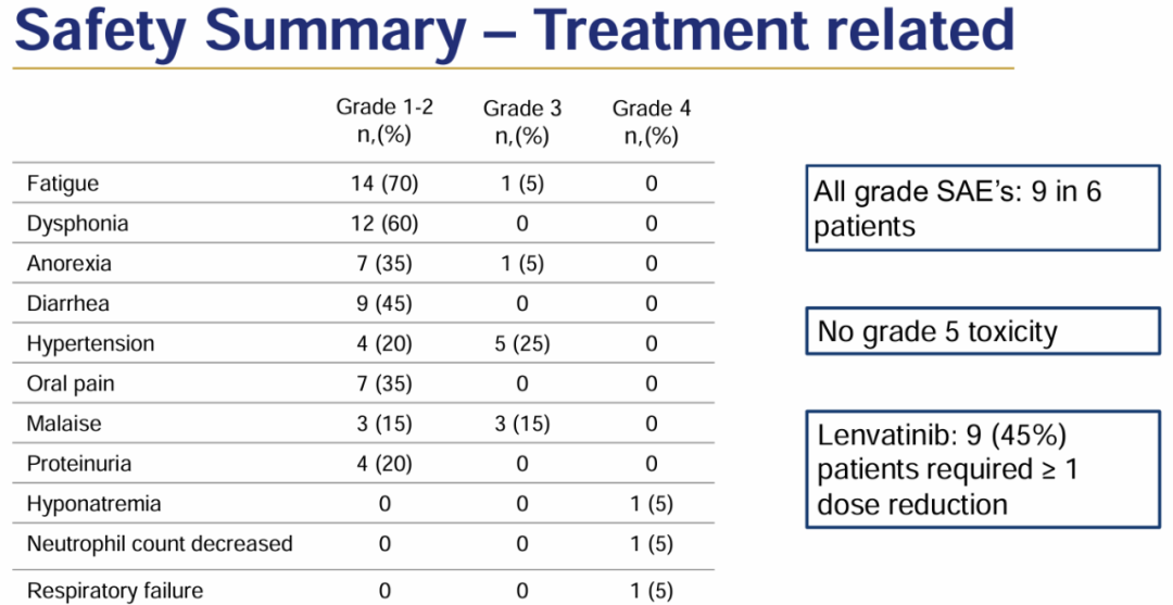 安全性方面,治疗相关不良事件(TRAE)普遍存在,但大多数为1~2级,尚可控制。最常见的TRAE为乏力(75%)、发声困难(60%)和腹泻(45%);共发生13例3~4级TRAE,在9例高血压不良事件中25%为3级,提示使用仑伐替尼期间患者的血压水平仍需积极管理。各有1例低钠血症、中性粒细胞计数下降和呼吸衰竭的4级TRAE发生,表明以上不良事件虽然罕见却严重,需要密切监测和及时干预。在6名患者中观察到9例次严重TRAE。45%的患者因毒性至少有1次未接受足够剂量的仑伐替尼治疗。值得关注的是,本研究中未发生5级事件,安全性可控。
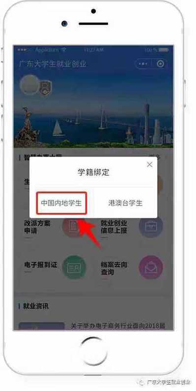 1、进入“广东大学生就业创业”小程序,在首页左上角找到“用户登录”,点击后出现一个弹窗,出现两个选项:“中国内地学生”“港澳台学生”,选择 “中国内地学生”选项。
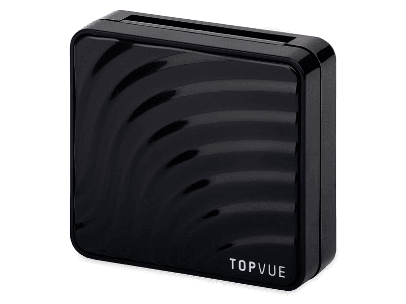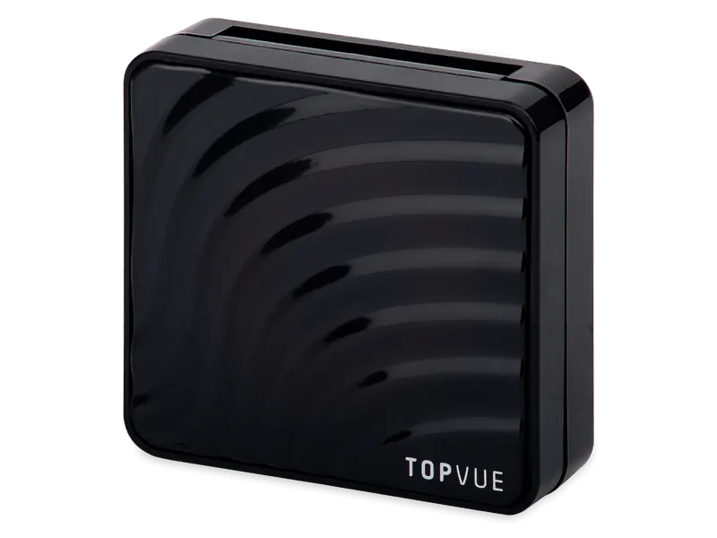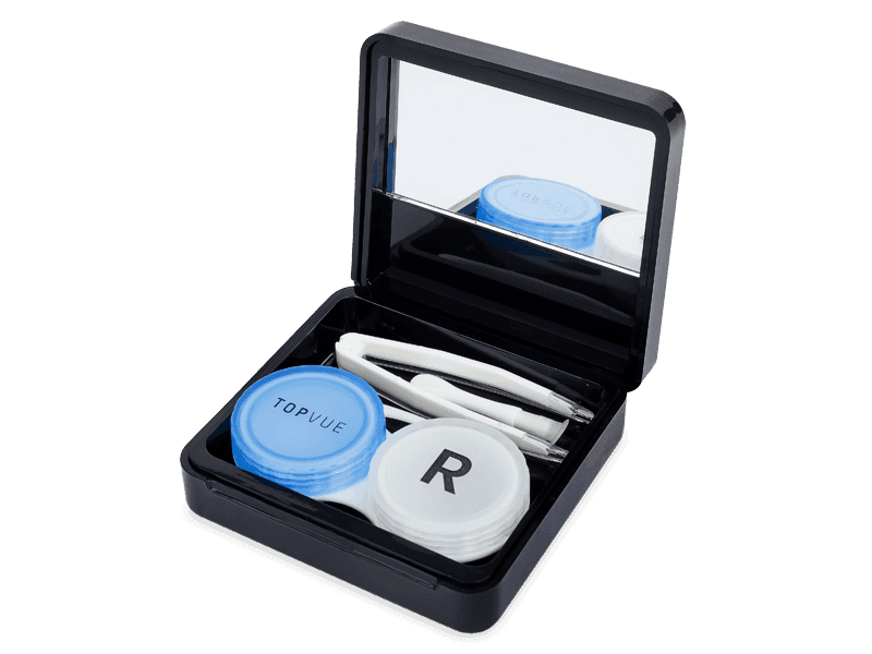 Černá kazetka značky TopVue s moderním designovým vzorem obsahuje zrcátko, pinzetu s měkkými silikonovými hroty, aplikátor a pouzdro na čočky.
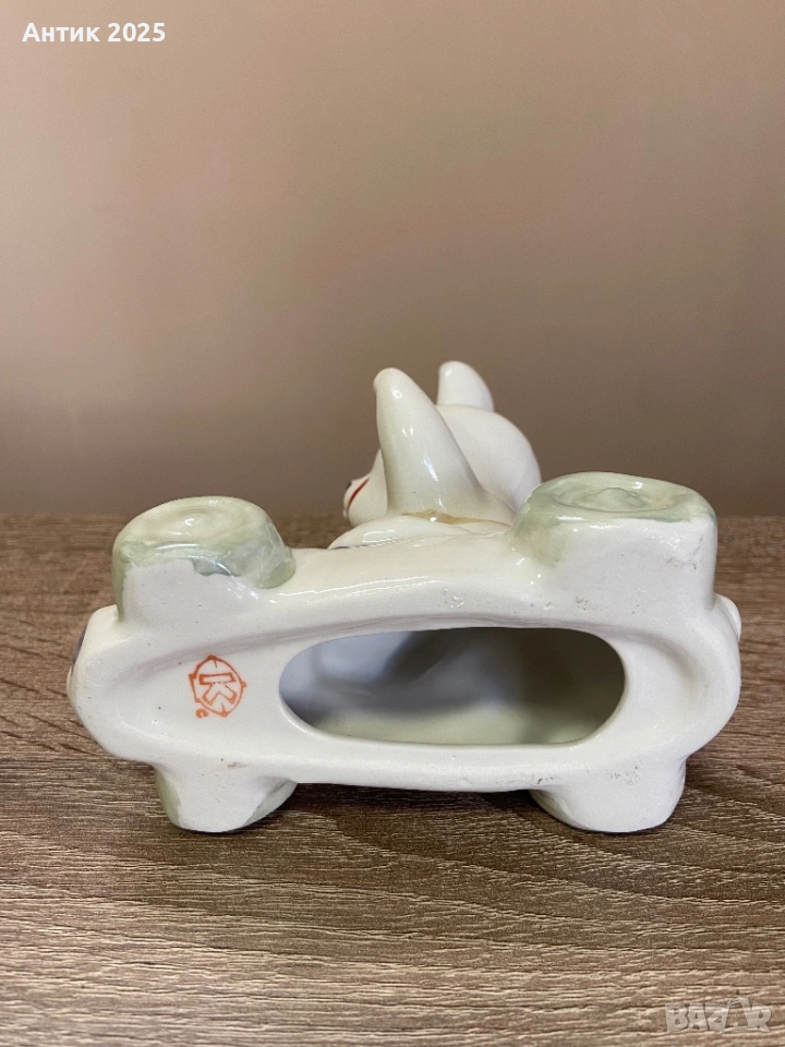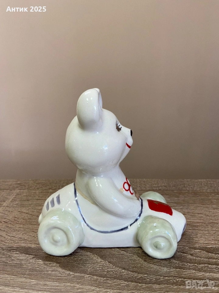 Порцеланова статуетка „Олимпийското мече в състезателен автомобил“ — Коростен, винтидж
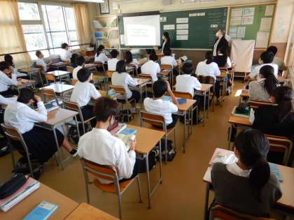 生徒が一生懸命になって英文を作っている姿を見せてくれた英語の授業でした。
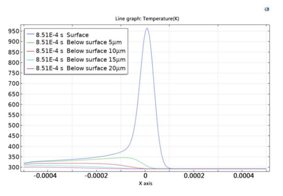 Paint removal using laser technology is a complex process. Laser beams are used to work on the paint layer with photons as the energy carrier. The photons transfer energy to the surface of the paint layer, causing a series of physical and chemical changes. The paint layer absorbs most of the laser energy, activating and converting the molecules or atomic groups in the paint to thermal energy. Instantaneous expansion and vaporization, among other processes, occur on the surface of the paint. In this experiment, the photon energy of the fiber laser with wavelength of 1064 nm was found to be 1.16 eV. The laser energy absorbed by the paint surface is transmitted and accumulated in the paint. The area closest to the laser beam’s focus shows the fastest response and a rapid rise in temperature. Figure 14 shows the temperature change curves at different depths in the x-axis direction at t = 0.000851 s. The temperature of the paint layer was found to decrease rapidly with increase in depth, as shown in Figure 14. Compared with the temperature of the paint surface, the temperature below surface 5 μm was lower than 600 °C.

--------------------------------------------------

- REQUIRED ACTION -
Please print the lines above exactly, beginning at the first line of the entries and ending at the line holding "生徒が一生懸命になって英文を作っている姿を見せてくれた英語の授業でした。", and leave the pictures out.

- SOLUTION TO THIS EXERCISE -
 安全性方面,治疗相关不良事件(TRAE)普遍存在,但大多数为1~2级,尚可控制。最常见的TRAE为乏力(75%)、发声困难(60%)和腹泻(45%);共发生13例3~4级TRAE,在9例高血压不良事件中25%为3级,提示使用仑伐替尼期间患者的血压水平仍需积极管理。各有1例低钠血症、中性粒细胞计数下降和呼吸衰竭的4级TRAE发生,表明以上不良事件虽然罕见却严重,需要密切监测和及时干预。在6名患者中观察到9例次严重TRAE。45%的患者因毒性至少有1次未接受足够剂量的仑伐替尼治疗。值得关注的是,本研究中未发生5级事件,安全性可控。
 1、进入“广东大学生就业创业”小程序,在首页左上角找到“用户登录”,点击后出现一个弹窗,出现两个选项:“中国内地学生”“港澳台学生”,选择 “中国内地学生”选项。
 Černá kazetka značky TopVue s moderním designovým vzorem obsahuje zrcátko, pinzetu s měkkými silikonovými hroty, aplikátor a pouzdro na čočky.
 Порцеланова статуетка „Олимпийското мече в състезателен автомобил“ — Коростен, винтидж
 生徒が一生懸命になって英文を作っている姿を見せてくれた英語の授業でした。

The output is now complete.